Dans certains milieux, on me reprocherait d’être virulent. « On ne comprend pas la virulence de Lyonel Trouillot. » Je répondrai par la célèbre formule de Césaire : « Ce pays se perd à force de se trouver des raisons d’accepter l’inacceptable. »

Virulence, dites-vous…

Publié le 2019-12-09 | Le Nouvelliste

Je ne comprends pas comment on a pu vivre en paix pendant si longtemps avec un système qui produit autant d’injustice et d’inégalité. Je ne comprends pas qu’on puisse traiter de voyous, de bandits, des dizaines de milliers de personnes qui demandent la construction d’une société qui leur donne enfin des droits, qui leur donne la possibilité de se sentir enfin citoyens, d’avoir enfin les moyens matériels et intellectuels de devenir (quelque peu) maîtres de leurs destins.
Qu’est-ce que ne pas être virulent ? Banaliser la part de racisme qui fait qu’à l’étranger, on reconnaît à peine la nature politique des revendications haïtiennes. Qui fait qu’on préfère parler de chaos et présenter les manifestations politiques comme la sortie anarchique de hordes de sauvages qui ont faim. Qui fait qu’on préfère parler d’assistance humanitaire plutôt que de poser des actions politiques et de prendre des positions en faveur des revendications politiques clairement exprimées par des milliers de citoyens.
Qu’est-ce que ne pas être virulent ? Banaliser les actes de répression sur les secteurs populaires. Quand des individus en uniforme de policiers se rendent coupables d’exactions dont le nombre ne fait que se multiplier. Quand l’évidence du processus de macoutisation de la police nationale devrait nous inquiéter tous, c’est à moi que quelques-uns voudraient demander des comptes plutôt qu’à son directeur général. Quand les libertés publiques sont menacées, quand on ne peut manifester sans être arrosés de lacrymogène, quand des arrestations arbitraires se multiplient. Parce que ces gens qui sont victimes de la répression ne parlent pas le même petit français maison que nous ? Parce que ces gens-là ont choisi de vivre dans les conditions dans lesquelles ils vivent ? Ou parce que, comme le dit Prévert, l’humanisme et le christianisme des salons se réduit à la formule : « Aimez-vous les uns les autres. Couci couça, c’est la réponse. » Parce que, l’autre, on peut penser un peu à lui, mais il ne faut surtout pas que cela contrarie notre reproduction, notre petit commerce, notre petit spectacle, nos petits grands revenus.
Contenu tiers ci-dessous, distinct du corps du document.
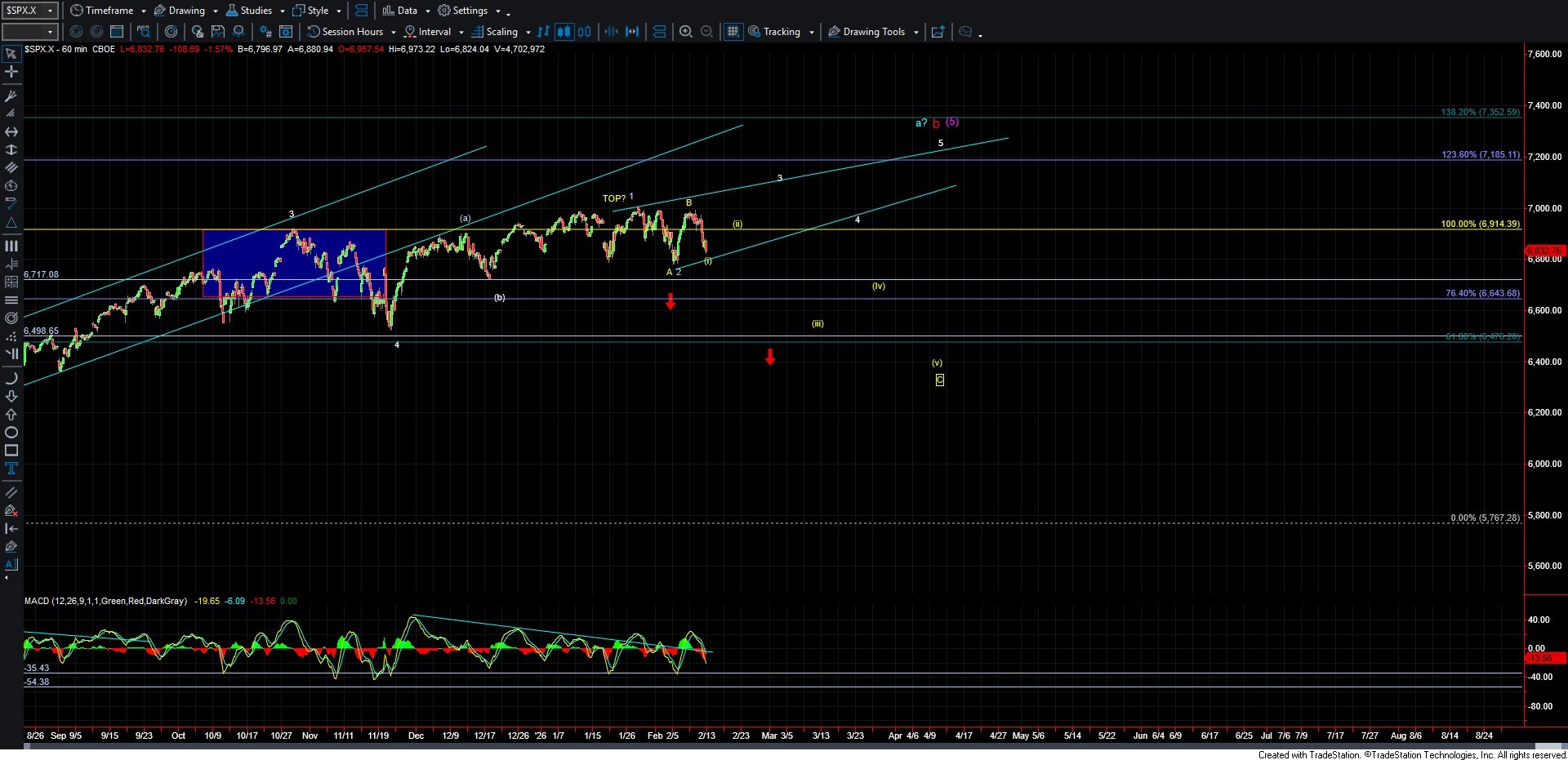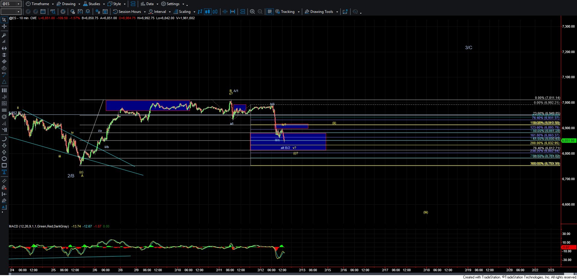 The market made a lower low into the close, which opens the door for a potential five-wave move to the downside per the yellow count. While we still need confirmation—specifically a corrective retrace higher followed by a break of the low, the setup now allows for the possibility of a substantial move lower in wave (iii) of the larger wave C.

Et parmi les quelques-uns qui me font de la pub en m’accusant d’être virulent, je les ai connus bien moins timorés quand nous marchions ensemble pour obtenir le départ de Jean-Bertrand Aristide. Je ne les accuse pas d’avoir protesté contre la dérive autoritaire d’Aristide version 2002. En fait, je ne les accuse même pas d’un silence qu’on pourrait juger odieux. Je revendique simplement le droit de crier haut et fort que, en ce qui concerne l’étranger, toute politique qui supporte la présidence de Jovenel Moïse peut être soupçonnée de racisme et méprise les revendictions politiques et sociales du peuple haïtien. Je revendique le droit de crier haut et fort que, côté haïtien, seuls des intérêts économiques individuels et mesquins peuvent expliquer tout soutien à Jovenel Moïse. Je revendique le droit de crier haut et fort que ce pays ne peut pas produire du bien-être pour la majorité sans une ruprure radicale, un réformisme révolutionnaire (la formule est de Jean Jaurès), et que tout défenseur, haïtien ou étranger, d’une logique de continuité, ne comprend pas la société haïtienne ou ne veut pas qu’elle change.
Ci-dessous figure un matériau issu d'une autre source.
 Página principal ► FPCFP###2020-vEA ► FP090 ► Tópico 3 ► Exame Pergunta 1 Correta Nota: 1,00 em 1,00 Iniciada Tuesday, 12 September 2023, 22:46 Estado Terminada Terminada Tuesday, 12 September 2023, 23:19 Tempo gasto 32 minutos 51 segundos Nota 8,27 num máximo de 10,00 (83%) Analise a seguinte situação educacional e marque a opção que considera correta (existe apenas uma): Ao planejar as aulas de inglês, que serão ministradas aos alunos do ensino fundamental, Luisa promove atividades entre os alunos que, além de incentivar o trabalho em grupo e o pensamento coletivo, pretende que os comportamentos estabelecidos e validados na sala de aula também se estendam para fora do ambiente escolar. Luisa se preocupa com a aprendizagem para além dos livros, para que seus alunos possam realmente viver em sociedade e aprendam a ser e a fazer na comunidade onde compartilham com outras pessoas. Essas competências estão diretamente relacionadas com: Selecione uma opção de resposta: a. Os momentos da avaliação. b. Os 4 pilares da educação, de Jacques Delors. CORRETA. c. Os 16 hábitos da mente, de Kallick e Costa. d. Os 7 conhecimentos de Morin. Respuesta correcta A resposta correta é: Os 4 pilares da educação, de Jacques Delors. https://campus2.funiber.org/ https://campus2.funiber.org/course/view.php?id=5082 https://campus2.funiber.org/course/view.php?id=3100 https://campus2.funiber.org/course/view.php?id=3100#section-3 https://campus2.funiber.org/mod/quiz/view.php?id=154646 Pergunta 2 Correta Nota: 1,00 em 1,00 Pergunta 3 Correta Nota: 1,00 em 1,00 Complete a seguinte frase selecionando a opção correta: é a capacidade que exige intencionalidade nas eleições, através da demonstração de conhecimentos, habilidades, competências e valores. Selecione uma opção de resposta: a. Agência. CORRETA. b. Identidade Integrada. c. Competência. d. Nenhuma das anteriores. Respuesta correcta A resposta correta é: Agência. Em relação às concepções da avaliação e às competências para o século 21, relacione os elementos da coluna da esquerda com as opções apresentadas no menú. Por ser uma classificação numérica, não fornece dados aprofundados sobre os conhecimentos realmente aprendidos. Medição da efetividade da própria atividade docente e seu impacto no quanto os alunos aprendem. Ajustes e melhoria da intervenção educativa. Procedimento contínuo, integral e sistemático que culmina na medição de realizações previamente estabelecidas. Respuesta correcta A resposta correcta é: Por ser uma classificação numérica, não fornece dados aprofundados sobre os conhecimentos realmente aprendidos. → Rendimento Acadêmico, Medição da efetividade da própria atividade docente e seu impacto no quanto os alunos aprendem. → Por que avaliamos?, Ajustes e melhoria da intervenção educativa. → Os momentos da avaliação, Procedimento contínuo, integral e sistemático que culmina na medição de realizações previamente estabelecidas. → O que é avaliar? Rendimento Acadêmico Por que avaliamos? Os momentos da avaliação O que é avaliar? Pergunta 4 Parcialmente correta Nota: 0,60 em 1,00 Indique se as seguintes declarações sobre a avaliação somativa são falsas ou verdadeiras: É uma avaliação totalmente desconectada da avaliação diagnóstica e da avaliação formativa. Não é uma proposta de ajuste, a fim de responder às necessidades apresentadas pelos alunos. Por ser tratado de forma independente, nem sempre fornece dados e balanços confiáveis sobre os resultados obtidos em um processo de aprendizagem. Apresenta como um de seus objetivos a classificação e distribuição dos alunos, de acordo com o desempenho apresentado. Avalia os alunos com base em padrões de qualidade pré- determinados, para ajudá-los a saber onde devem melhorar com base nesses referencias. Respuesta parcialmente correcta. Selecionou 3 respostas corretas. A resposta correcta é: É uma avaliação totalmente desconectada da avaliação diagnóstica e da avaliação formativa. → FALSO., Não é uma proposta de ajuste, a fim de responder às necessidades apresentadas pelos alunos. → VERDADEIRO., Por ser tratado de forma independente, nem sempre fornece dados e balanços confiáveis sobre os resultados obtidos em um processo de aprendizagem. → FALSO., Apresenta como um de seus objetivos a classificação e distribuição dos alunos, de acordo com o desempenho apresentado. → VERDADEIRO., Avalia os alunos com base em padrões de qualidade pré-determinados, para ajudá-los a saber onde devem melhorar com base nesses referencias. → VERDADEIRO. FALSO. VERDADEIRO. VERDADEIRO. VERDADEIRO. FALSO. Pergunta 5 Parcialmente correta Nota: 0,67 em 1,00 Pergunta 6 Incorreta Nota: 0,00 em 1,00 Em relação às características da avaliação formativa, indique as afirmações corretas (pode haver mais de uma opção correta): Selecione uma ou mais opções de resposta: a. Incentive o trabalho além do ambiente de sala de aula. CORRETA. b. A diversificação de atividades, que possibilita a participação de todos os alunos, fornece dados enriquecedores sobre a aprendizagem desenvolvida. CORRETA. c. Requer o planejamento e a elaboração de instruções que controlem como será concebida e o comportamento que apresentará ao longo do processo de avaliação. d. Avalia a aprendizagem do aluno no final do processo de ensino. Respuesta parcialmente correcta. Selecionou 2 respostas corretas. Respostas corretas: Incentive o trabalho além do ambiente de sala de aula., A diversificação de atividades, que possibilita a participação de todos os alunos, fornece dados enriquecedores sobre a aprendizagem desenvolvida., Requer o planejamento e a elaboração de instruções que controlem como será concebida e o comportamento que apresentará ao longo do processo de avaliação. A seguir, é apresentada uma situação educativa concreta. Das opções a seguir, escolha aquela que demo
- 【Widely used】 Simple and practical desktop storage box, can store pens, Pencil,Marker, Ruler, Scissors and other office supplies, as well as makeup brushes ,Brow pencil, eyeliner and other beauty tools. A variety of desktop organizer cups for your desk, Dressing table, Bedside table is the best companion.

Qu’est-ce que ne pas être virulent ? Se cacher derrière le prétexte que les leaders de l’opposition ne sont pas fiables, pour ne rien dire, ne rien faire ? Et surtout ne pas prendre le risque de déplaire ?
Qu’est-ce que ne pas être virulent ? Ne pas saluer le courage des jeunes qui ont lancé le mouvement petrochallengers ? Ne pas saluer le courage des militants de base des organisations politiques et populaires ? Les traiter de voyous ? Les considérer comme quantité négligeable qu’on peut tuer à l’envi ?
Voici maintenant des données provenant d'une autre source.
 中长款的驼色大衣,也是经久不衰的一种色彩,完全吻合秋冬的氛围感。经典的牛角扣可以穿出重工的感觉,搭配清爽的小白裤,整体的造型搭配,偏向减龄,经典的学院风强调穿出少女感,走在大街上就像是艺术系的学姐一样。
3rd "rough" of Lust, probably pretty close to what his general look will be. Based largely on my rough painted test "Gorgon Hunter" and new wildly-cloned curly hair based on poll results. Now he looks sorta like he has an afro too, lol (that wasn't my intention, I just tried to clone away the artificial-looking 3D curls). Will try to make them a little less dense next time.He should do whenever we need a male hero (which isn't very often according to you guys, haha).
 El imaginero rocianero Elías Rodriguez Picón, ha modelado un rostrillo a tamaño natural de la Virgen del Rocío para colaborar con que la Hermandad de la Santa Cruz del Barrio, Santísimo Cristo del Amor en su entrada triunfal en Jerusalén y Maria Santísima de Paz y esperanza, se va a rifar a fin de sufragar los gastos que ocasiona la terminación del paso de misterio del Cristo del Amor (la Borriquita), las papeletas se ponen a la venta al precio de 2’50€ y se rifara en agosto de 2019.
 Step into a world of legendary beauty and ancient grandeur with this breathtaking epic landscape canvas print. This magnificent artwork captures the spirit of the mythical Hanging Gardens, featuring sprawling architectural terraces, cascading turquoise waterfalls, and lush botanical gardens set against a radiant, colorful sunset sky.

Qu’est-ce que ne pas être virulent ? Chercher à conforter ma petite vie dans une situation de pourrissement qui pourrait se terminer par les sempiternelles fausses élections et la perpétuation d’un système social qui n’est qu’exclusion, domination et exploitation ?
Si être virulent, c’est crier haut et fort que ce système ne peut plus produire de consensus auprès de la majorité et que seule la répression des droits de cette majorité peut le maintenir, et que toute personne, institution, organisme qui contribue au maintien de ce système sera objectivement complice de crimes contre peuple, alors, oui, je suis virulent et compte bien le rester.